## [WHAT YOU ARE ASKED TO DO]
Write again exactly the lines in the listing below, starting at the line with "Goth Snake And" and ending at the line with "After eating, we", both included. Pictures are not copied.

## [RECORDS]
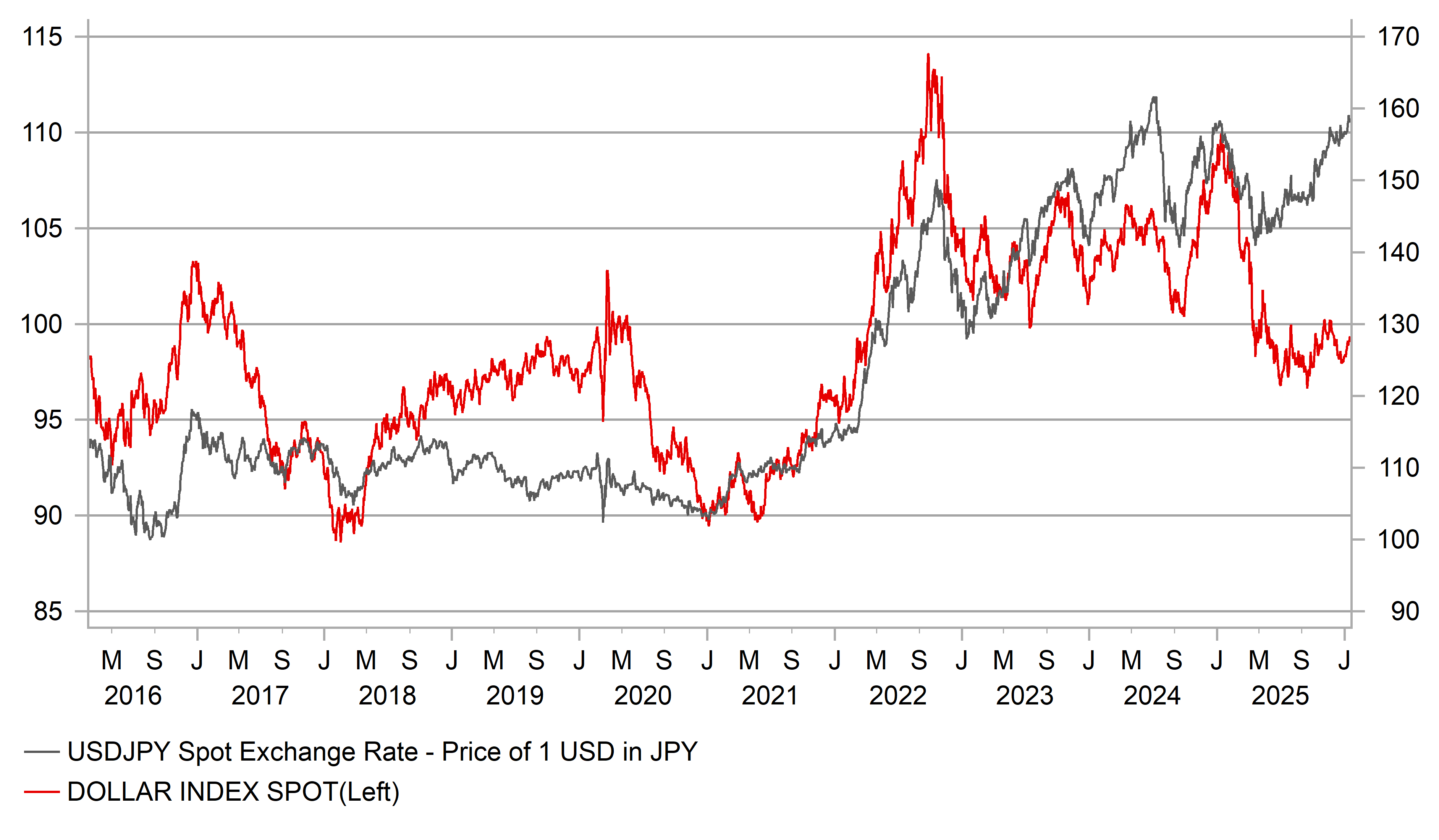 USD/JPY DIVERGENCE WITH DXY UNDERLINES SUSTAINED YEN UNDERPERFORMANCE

...

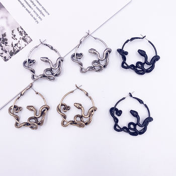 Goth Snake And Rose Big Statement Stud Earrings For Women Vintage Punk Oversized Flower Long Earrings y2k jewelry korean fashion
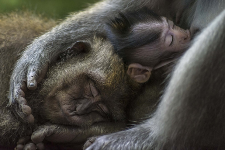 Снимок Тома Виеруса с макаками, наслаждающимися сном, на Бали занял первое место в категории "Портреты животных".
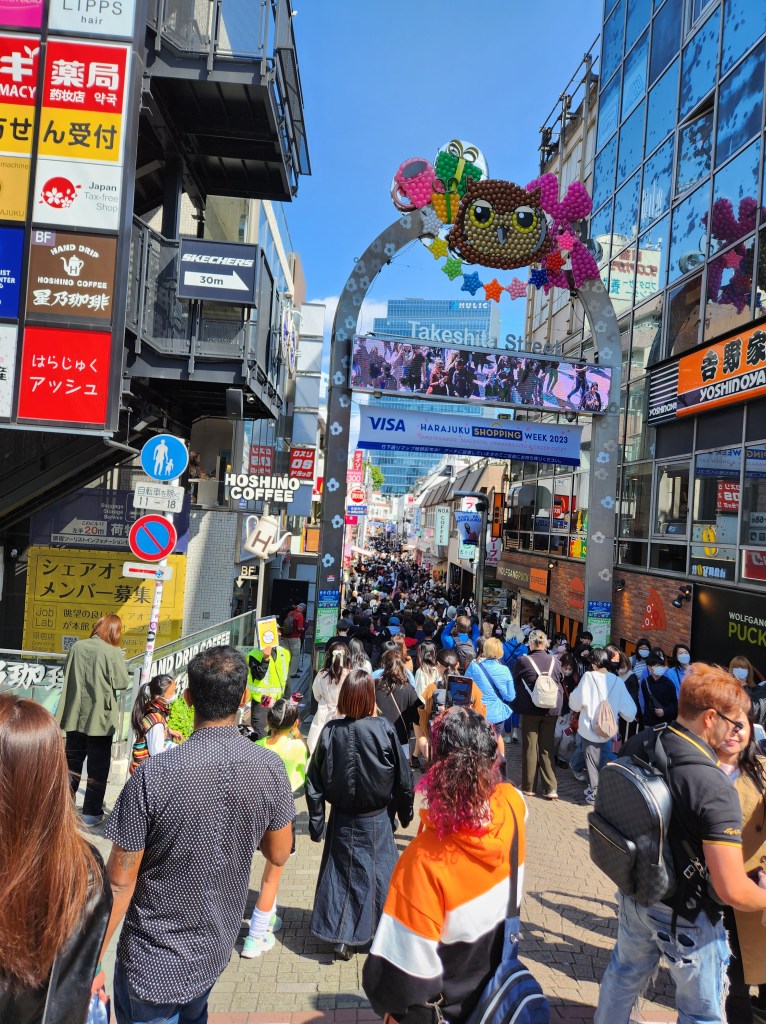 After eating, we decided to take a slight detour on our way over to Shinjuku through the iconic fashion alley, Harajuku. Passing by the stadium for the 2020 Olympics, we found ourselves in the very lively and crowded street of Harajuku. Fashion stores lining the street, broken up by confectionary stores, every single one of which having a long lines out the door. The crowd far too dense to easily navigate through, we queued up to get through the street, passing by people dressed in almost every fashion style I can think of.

## [FINAL ANSWER]
 Goth Snake And Rose Big Statement Stud Earrings For Women Vintage Punk Oversized Flower Long Earrings y2k jewelry korean fashion
 Снимок Тома Виеруса с макаками, наслаждающимися сном, на Бали занял первое место в категории "Портреты животных".
 After eating, we decided to take a slight detour on our way over to Shinjuku through the iconic fashion alley, Harajuku. Passing by the stadium for the 2020 Olympics, we found ourselves in the very lively and crowded street of Harajuku. Fashion stores lining the street, broken up by confectionary stores, every single one of which having a long lines out the door. The crowd far too dense to easily navigate through, we queued up to get through the street, passing by people dressed in almost every fashion style I can think of.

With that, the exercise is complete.